• ASSIGNMENT:
Retype the lines below exactly, from the one that contains "Cesta de Café" through the last, and leave every picture out.
---- DATA PROVIDED
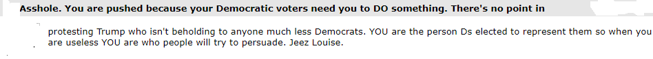 (6,589 posts)protesting Trump who isn't beholding to anyone much less Democrats. YOU are the person Ds elected to represent them so when you are useless YOU are who people will try to persuade. Jeez Louise.
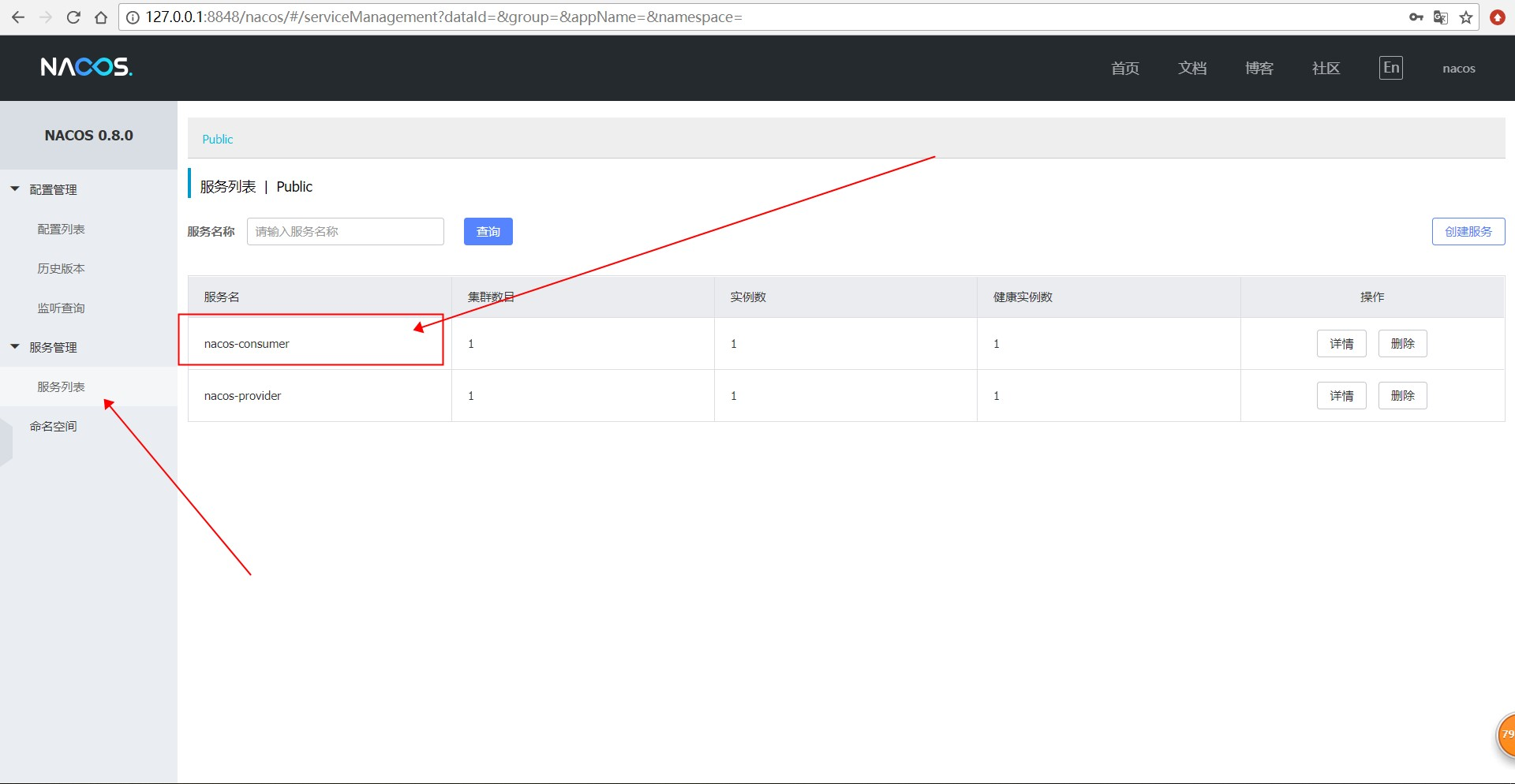 6)启动consumer消费者,可以看到nacos服务列表又多了一个服务
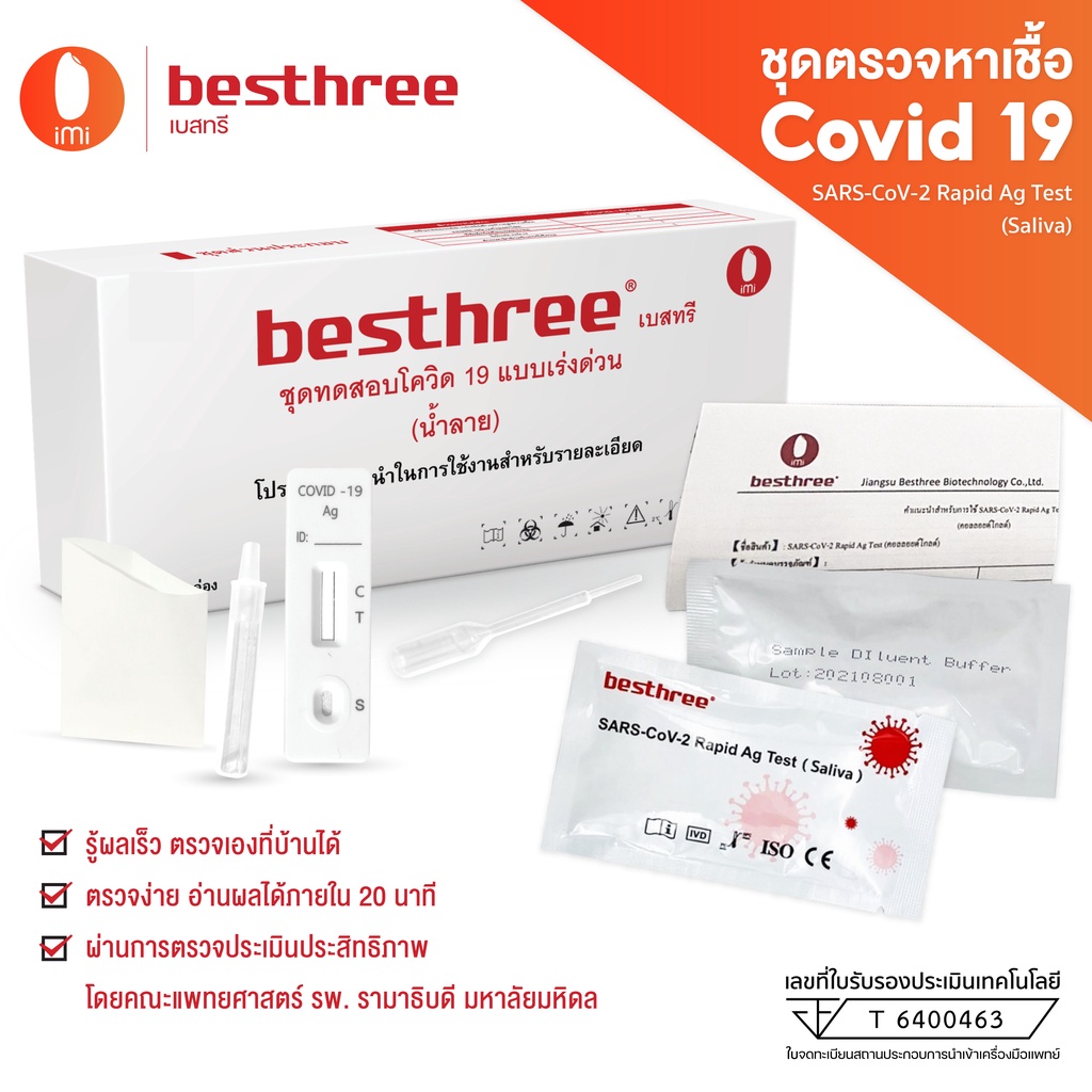 ชุดตรวจ ATK น้ําลาย เเม่นยำ 100%(ยี่ห้อBesthree) ชุดตรวจโควิด 19 ชุดตรวจโควิด atk ลูกค้าให้คะแนน 711 ราคาตอนนี้ 25 บาท ราคาเดิมที่ขาย 89 บาท ลดราคาถึง 72% อัพเดทล่าสุดเมื่อ 13/02/2023 สินค้าจัดส่งมาจาก Shopee.co.th
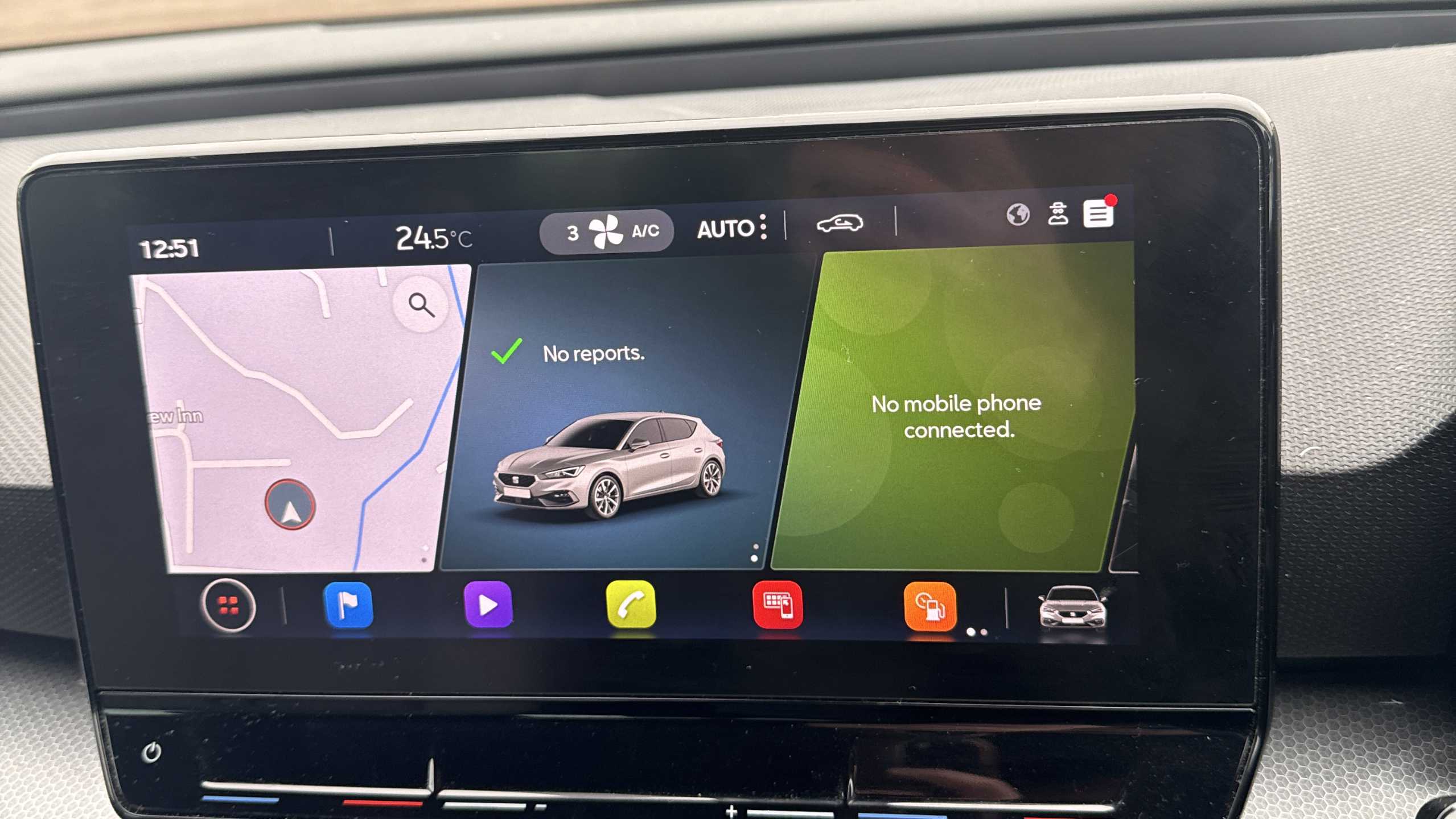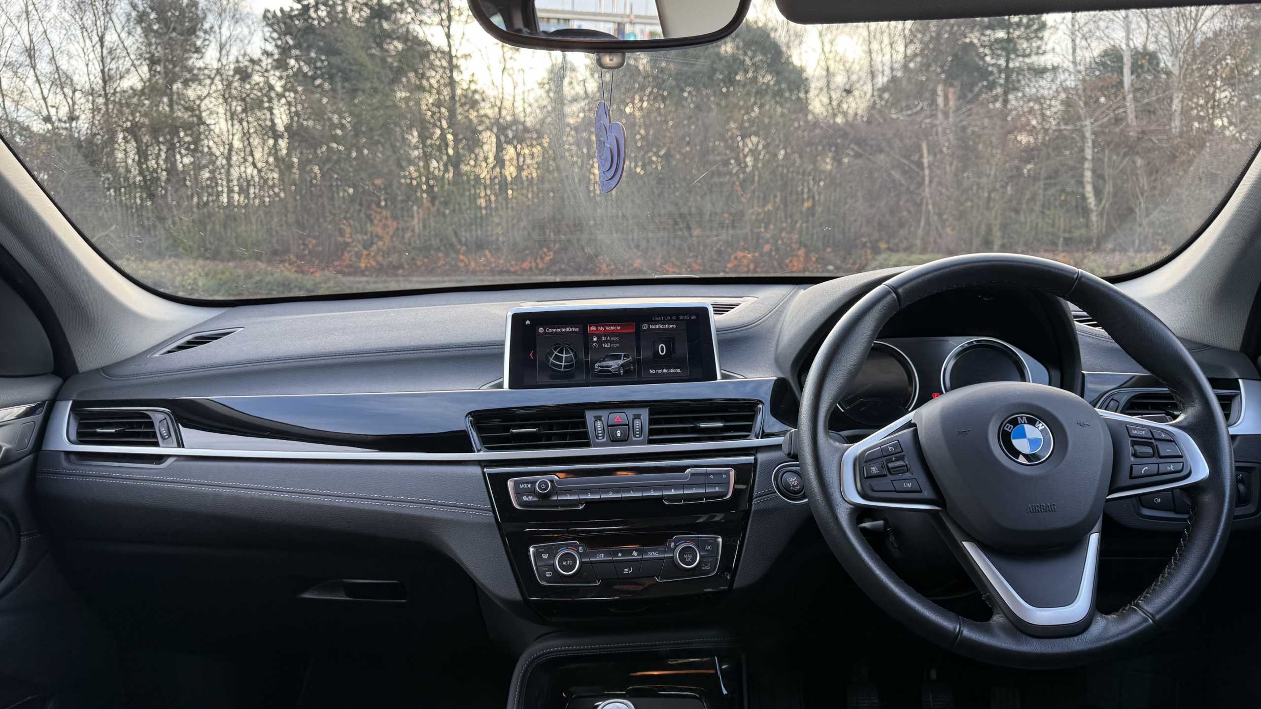 "3 spoke flat bottomed leather steering wheel with satin chrome bezel",
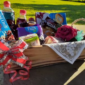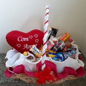 Cesta de Café Colonial em madeira com Coração de Pelúcia
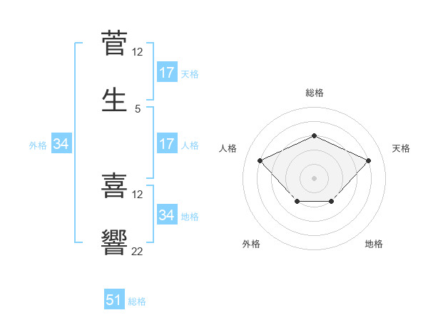 菅生 喜響さんの総格は51画の3点!
--------
• SOLUTION FOR THIS EXERCISE:
 Cesta de Café Colonial em madeira com Coração de Pelúcia
 菅生 喜響さんの総格は51画の3点!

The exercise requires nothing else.